By Ambar Warrick
Investing.com-- Gold prices fell further on Thursday as the U.S. dollar gained ahead of key payrolls data due this week, while copper prices sank on growing concerns over a global economic slowdown.
Spot gold fell 0.3% to $1,706.26 an ounce by 20:45 ET (00:45 GMT), touching its weakest level since late-July. Gold futures sank 0.5% to $1,716.75 an ounce. Both instruments are down substantially over the past five months, as rising U.S. interest rates boosted the dollar and Treasury yields.
Bullion prices retreated this week, while the dollar stuck to 20-year highs ahead of key U.S. nonfarm payrolls data due on Friday. The dollar index rose 0.3% on Thursday.
While U.S. payrolls are expected to be lower in August than the prior month, a stronger-than-expected reading could give the Federal Reserve more space to hike interest rates aggressively this year.
Data on Wednesday, however, showed that U.S. private payrolls grew substantially less than expected in August, indicating that the labor market may be cooling.

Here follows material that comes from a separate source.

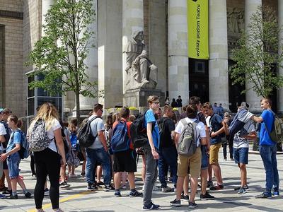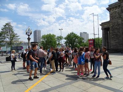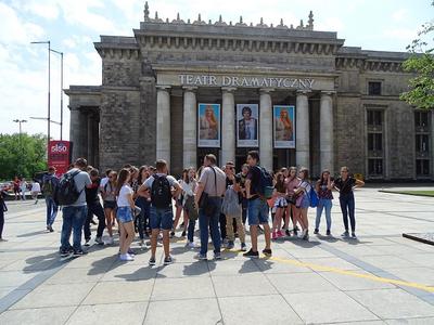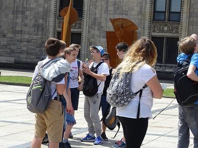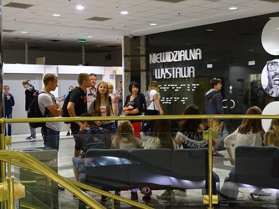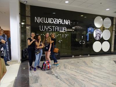 W dniu 6 czerwca 2017 roku uczniowie klas drugich i trzecich naszego gimnazjum uczestniczyli w wycieczce do Warszawy. Zwiedzanie rozpoczęliśmy od „Niewidzialnej Wystawy”. Nieco ponad godzina „spaceru” w całkowitej ciemności pozwala odkryć zupełnie inny świat, którego istnienia często nie zauważamy. Zwyczajne miejsca i sytuacje zyskują całkowicie nowy wymiar! „Widzenia świata” poprzez zmysły inne niż wzrok to dla osób widzących niezwykłe doświadczenie i niezapomniane przeżycie. Ekspozycja składa się z części widzialnej i niewidzialnej. W części widzialnej poznajemy nie tylko alfabet Braille’a i przedmioty, które pomagają osobom niewidomym lub słabo widzącym sprawniej funkcjonować w codziennym życiu, ale też oglądamy „cuda” specjalnej techniki drukarskiej pozwalającej niewidomym „widzieć” mapy, obrazy czy posługiwać się komputerem. W części niewidzialnej, po której naszymi przewodnikami i opiekunami są niewidomi, pogrążamy się w całkowitej ciemności i uczestniczymy w zaaranżowanych sytuacjach z życia. Zwiedzający badają świat za pomocą dotyku, słuchu, poczucia równowagi... Mogą zorientować się, z jakimi trudnościami borykają się niewidomi, a jednocześnie przekonać się, że życie w ciemności może być piękne i pełne. Przeżycia, które towarzyszyły nam podczas zwiedzania burzą stereotypy ucząc jednocześnie jak ważne są inne zmysły oraz pozwalają zrozumieć jak pomagać osobom niepełnosprawnym w zwykłych sytuacjach. Po wystawie wybraliśmy się pod Pałac Kultury i Nauki o którym krótko opowiedział nam Pan przewodnik.
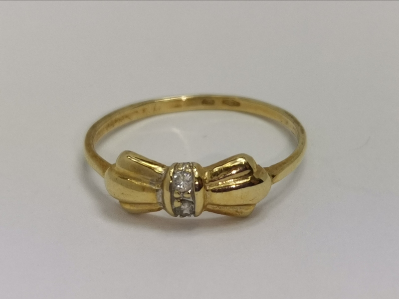 Krásný zlatý prsten ze žlutého zlata ve tvaru mašle zdobený dvěma zirkony. Je moderního designu. Velikost 57 patří mezi velikosti většího prstu.

Still, hawkish comments from Fed Chair Jerome Powell last week saw gold and most other metals lose substantially in the past three sessions. Investors are penciling in an over 70% chance that the Fed will hike interest rates by 75 basis points later in September.
Other precious metals also retreated. Platinum sank 0.9%, while silver futures slumped 1.5%.
Among industrial metals, copper futures fell 0.7% to $3.4880 a pound, extending losses into a fifth straight session as concerns over a global recession continued to grow.
The red metal fell sharply on Wednesday after data showed Chinese manufacturing activity shrank for a second straight month in August.
Weak economic readings from Germany and Japan, coupled with surging inflation in the euro zone also trumped up concerns over slowing economic activity, denting the demand for copper.